One change took this fish from fins to limbs

How exactly is it perhaps what happened hundreds of millions of years ago is, however, long an evolutionary mystery that has astonished scientists.

U.S. scientists say they may have stumbled upon a possible answer.

By adapting a single gene, researchers at Harvard University and Boston Children’s Hospital designed zebrafish that showed the onset of attachments indefinitely.

To answer how animals made the transition from sea to land, scientists have traditionally looked at the fossil record. But in the last 30 years, scientists have been searching for changes in genes that could explain the shift from fin to modern limb.

“The most surprising thing to me is that such a dramatic change to the fin skeleton and muscular system is possible with just a single mutation,” said Brent Hawkins, a postdoctoral researcher at Harvard University and Boston Children’s Hospital and the first author of the study Was published Thursday, said. in the journal Cell.

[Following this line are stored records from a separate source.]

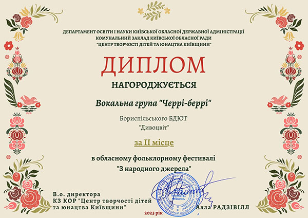 Вітаємо вокальний колектив "Чері-бері" та його керівника Олену Вишняк з творчими здобутками. Успіхів та натхнення!!!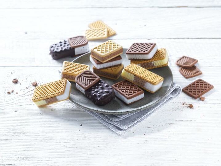 Mini granbiscotto: Gelato alla stracciatella tra due biscotti per metà ricoperto con copertura con cioccolato fondente, granella di nocciole e pezzetti di biscotto. Biscottino: Gelato al gusto di vaniglia tra due biscotti. Biscottino cioccolato: Gelato al cioccolato tra due biscotti. Mini biscotto tre gusti: Gelato al gusto di vaniglia (21%), gelato al gusto di zabaglione (21%) e gelato al cioccolato (21%) tra due biscotti.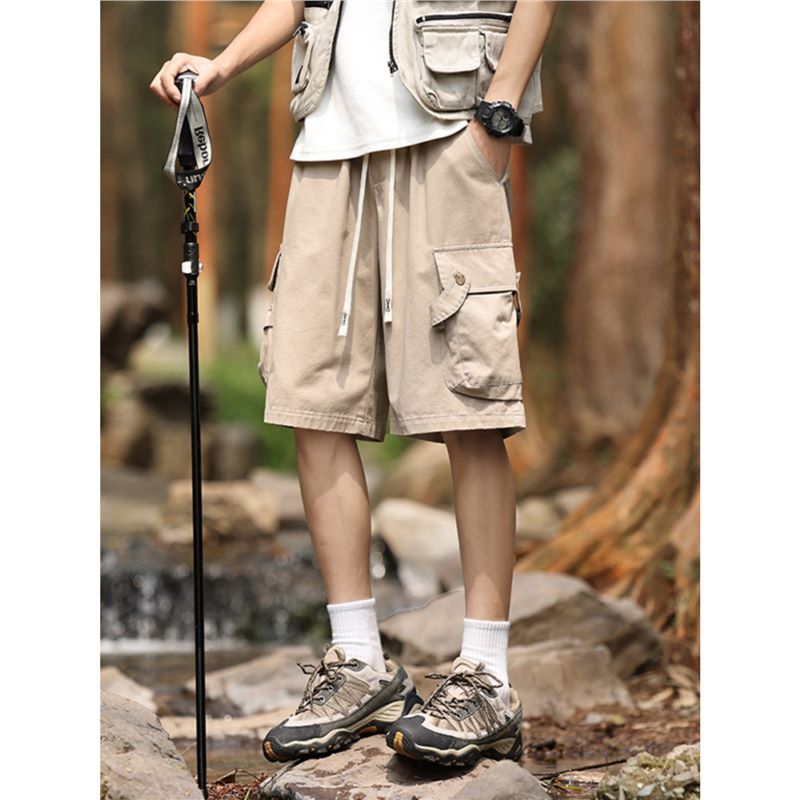 山系カーキ色工装半ズボン男子夏アメリカレトロカジュアル五分ズボンファッションブランドゆるいスポーツパンツ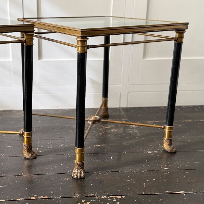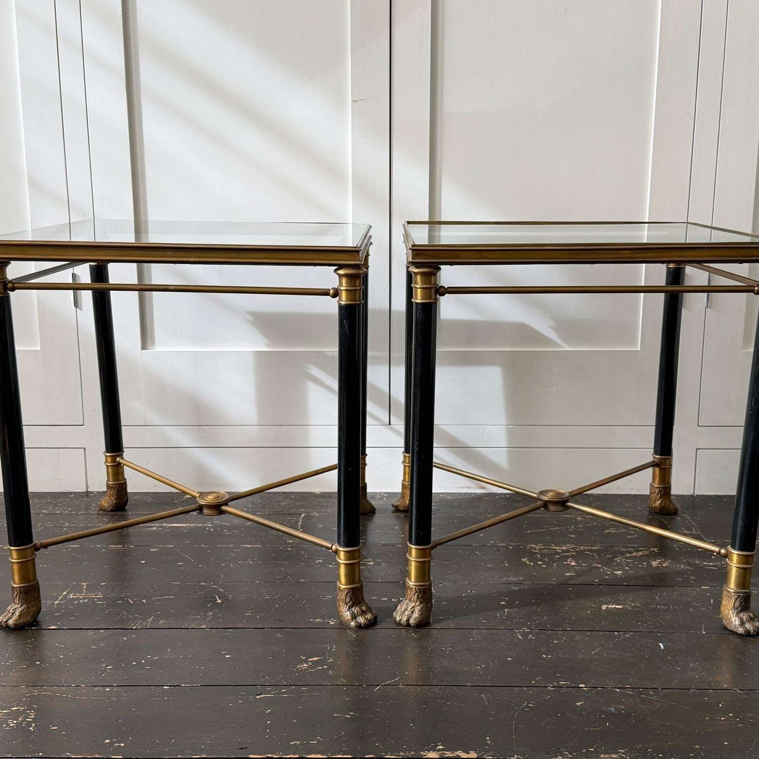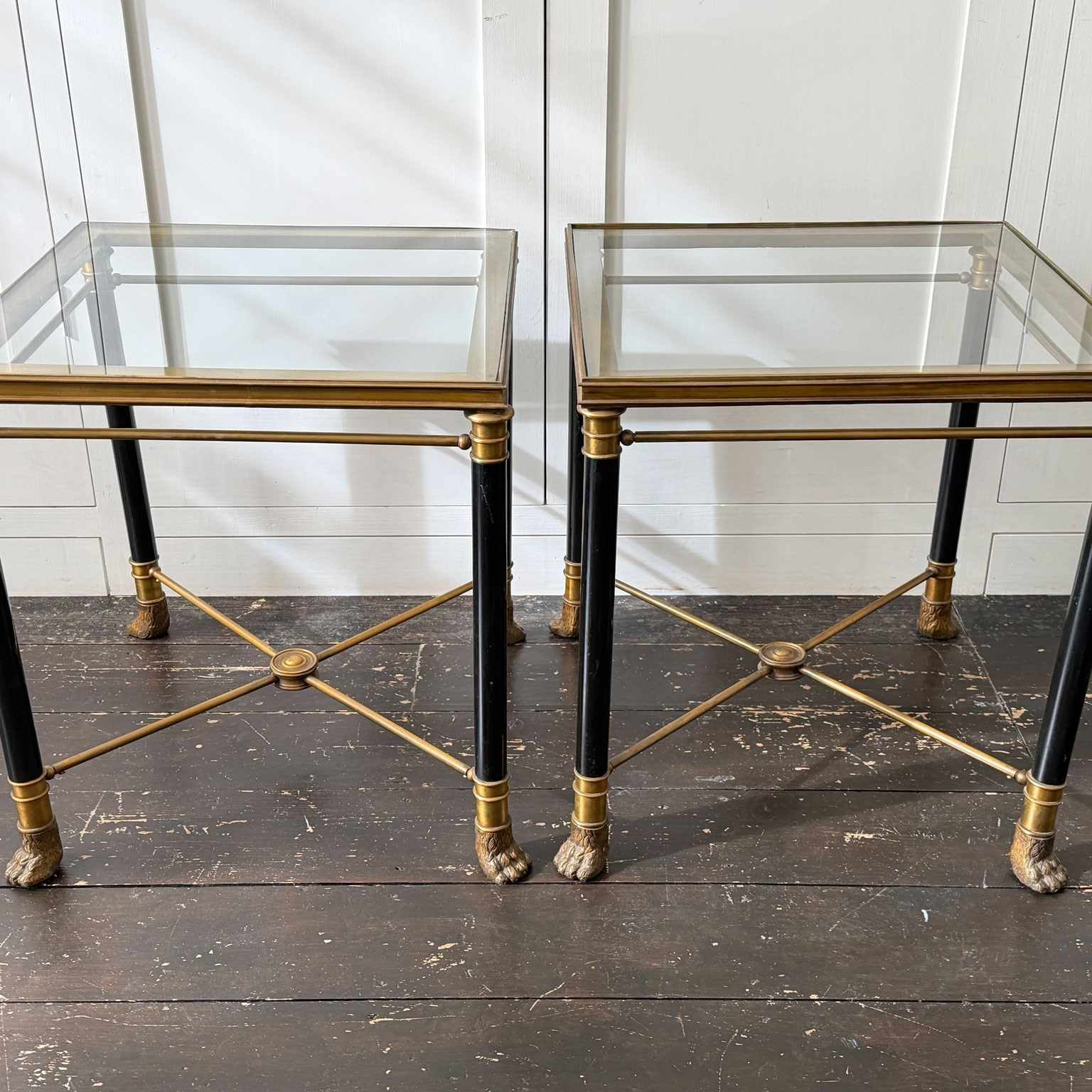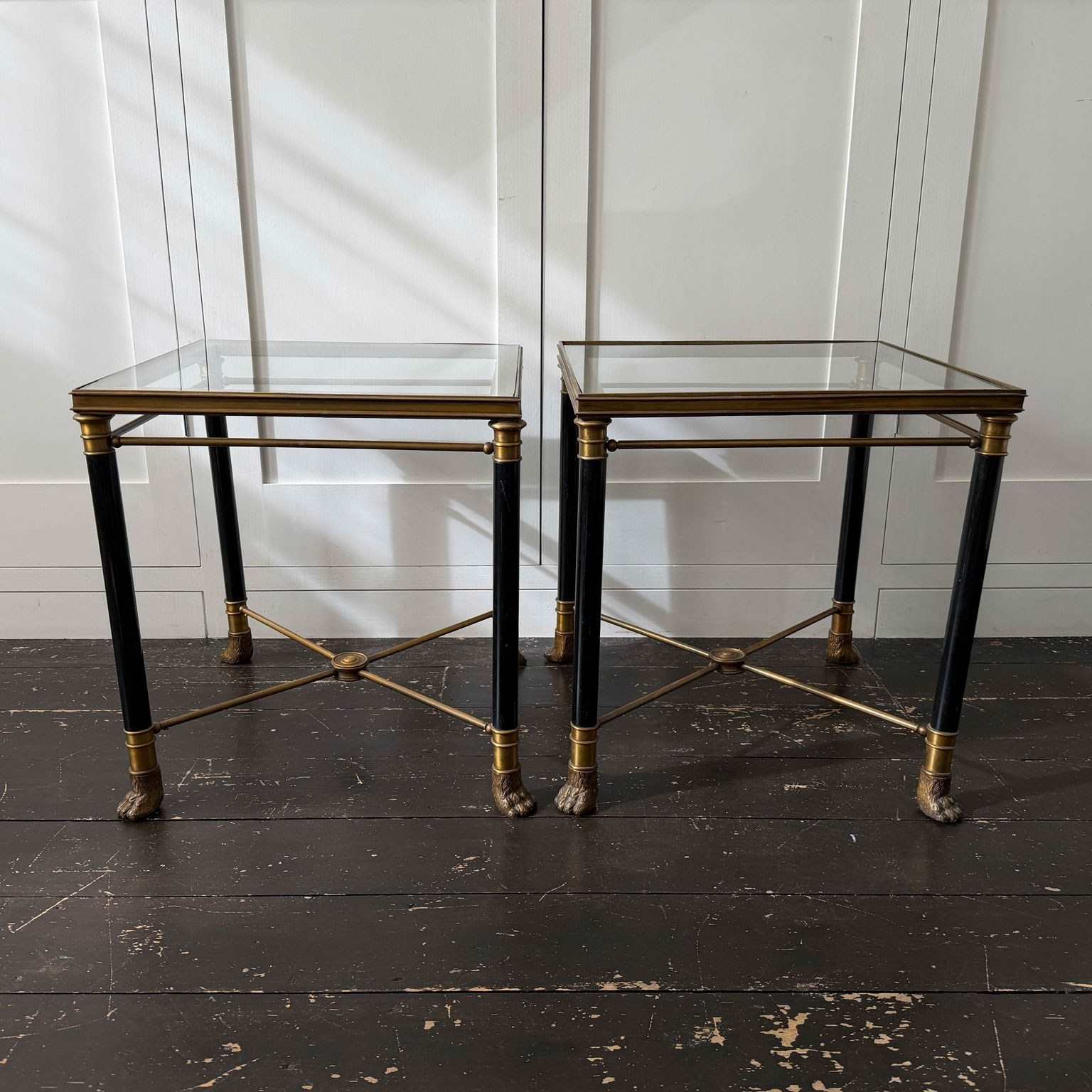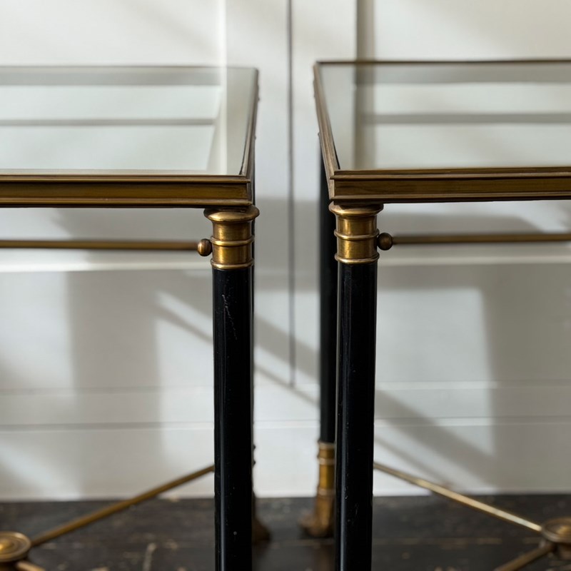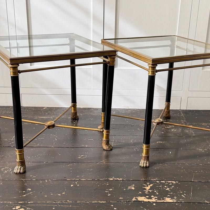 A superb pair of mid-century side tables of exceptional quality in a distinct Neoclassical design style by Maison Jansen (see p 297 of 'Jansen Furniture' by James Archer Abbott for similar design). With brass frame and black lacquered legs, the brass has a beautiful vintage patina. A notable feature is the use of classical motifs, specifically the decorative brass hairy paw feet, a design element typical of Maison Jansen's work and the central decorative medallion to the centre of the x-form stretcher.

“Prior to this discovery, the assumption was that the fin-to-limb transition involved multiple changes to a multitude of genes,” he noted via email.

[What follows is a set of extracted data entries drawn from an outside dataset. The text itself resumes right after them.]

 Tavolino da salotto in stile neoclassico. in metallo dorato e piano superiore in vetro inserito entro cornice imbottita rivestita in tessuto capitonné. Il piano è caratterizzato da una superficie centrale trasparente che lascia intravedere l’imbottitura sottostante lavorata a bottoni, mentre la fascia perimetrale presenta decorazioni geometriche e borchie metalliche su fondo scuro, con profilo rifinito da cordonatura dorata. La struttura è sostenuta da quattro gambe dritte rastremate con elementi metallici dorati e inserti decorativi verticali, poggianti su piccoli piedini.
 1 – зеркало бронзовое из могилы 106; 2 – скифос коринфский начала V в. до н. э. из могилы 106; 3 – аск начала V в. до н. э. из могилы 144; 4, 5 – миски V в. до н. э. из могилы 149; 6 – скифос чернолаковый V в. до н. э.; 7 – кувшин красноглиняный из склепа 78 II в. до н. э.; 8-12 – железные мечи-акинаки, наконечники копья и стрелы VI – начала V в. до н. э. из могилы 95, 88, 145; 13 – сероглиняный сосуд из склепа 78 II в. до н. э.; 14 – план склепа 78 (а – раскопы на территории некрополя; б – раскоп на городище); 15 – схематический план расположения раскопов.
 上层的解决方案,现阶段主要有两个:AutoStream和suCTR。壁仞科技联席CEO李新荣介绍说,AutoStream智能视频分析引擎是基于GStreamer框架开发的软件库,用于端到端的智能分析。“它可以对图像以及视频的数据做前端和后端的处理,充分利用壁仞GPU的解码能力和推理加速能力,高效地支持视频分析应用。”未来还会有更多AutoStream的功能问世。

“Of course, this transformation was still a very gradual and complicated process, but our mutants show that it may also have involved rapid leaps, and that developing animals are able to easily take on new bones.”

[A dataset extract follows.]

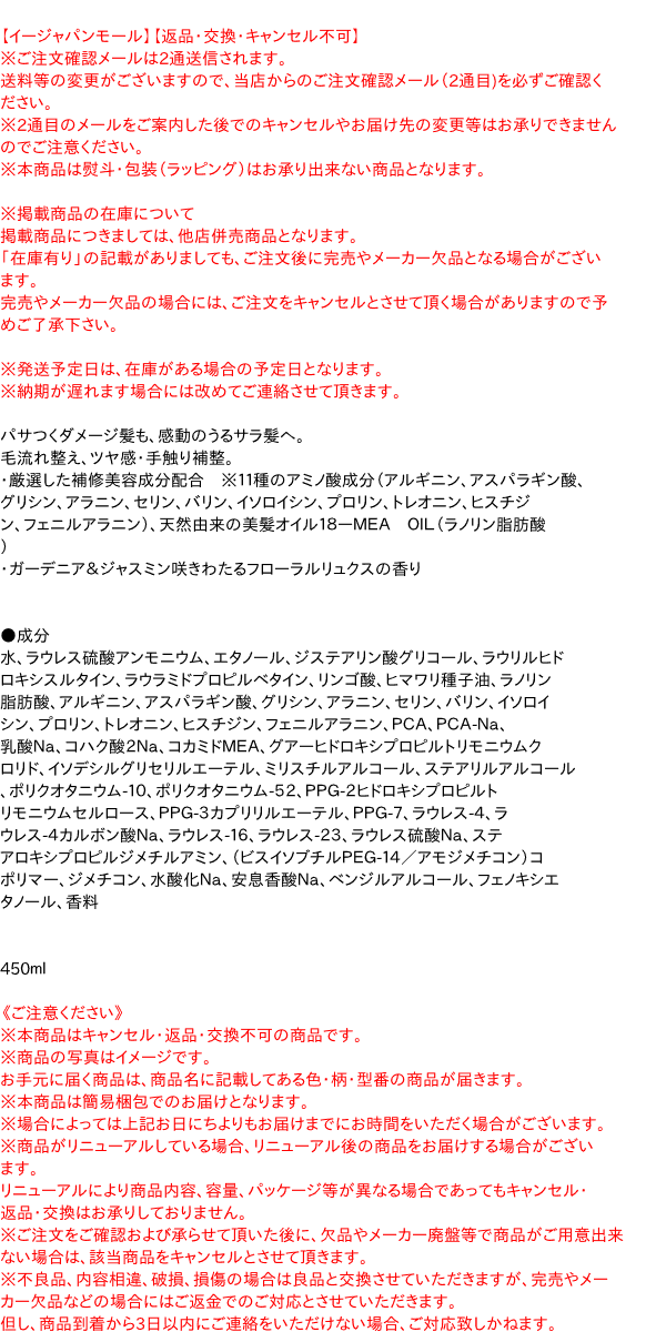 [特長]:■からまりやすく、整えにくい髪に。毎日洗うたび、傷んだ髪も思いどおり。翌朝も手ぐしでするん!毛先までふんわりうるツヤ髪へ。 ■キューティクルケア&髪内部まで浸透&補修 ■高純度ハニー&プロテイン※1配合※1ハチミツ、加水分解コラーゲン(保湿) ■天然由来の美髪オイル18-MEA OIL※2配合※2ラノリン脂肪酸(補修)■摘みたての花果実ふわり広がるフローラルブーケの香り[注意事項]:■頭...
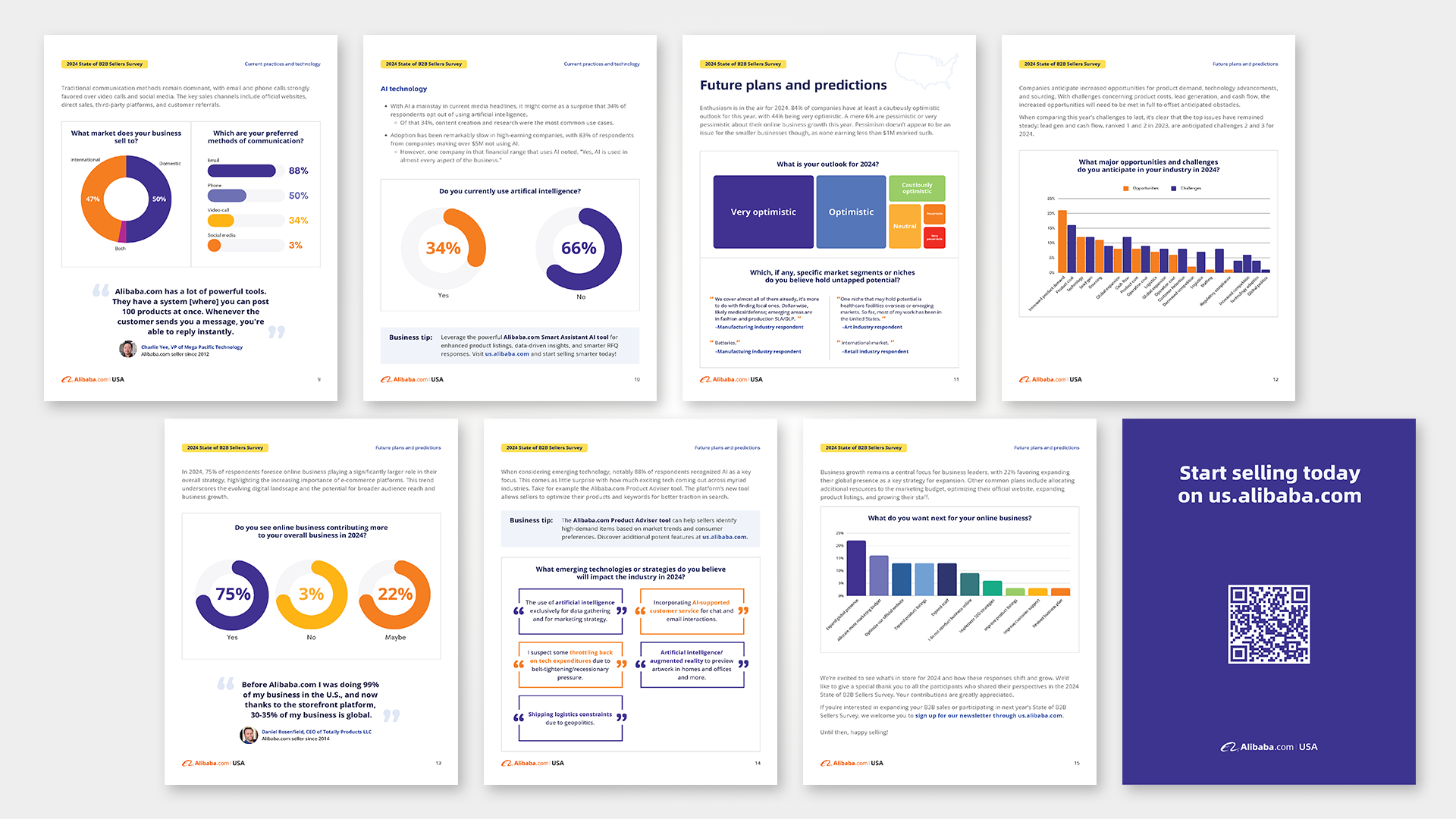 The ebook was built around the survey findings, covering US B2B sellers’ preferred sales channels, industry trends, and their expectations around emerging technologies heading into 2024. The content strategist conducted the original survey and produced a draft for social infographics. I wrote the full ebook based on that research, structured the narrative from retrospective analysis of 2023 into a forward-looking view of the B2B landscape, and designed the 16-page report. The visual style needed to be eye-catching enough to work as social content while staying consistent with the Alibaba.com brand and appropriate for a B2B audience.

This illustration, produced by researchers from the study, shows (from left) how a human limb has multiple long legs that allow a wide variety of movements;  the fin skeleton of a normal zebrafish that has no articulation;  and that of a mutant zebrafish, with new bones growing from the body, in a pattern similar to limbs.

Inborn ability

While previous research has identified genes needed to make fin and limb bones, no one has previously found a genetic change that causes a fin to shift to a more limbic pattern, Hawkins explained by email.

The mutation that the researchers found causes a change in the pectoral fin bones of the zebrafish, which sticks a bit to the fish shoulder joint as the human arm attaches to the shoulder.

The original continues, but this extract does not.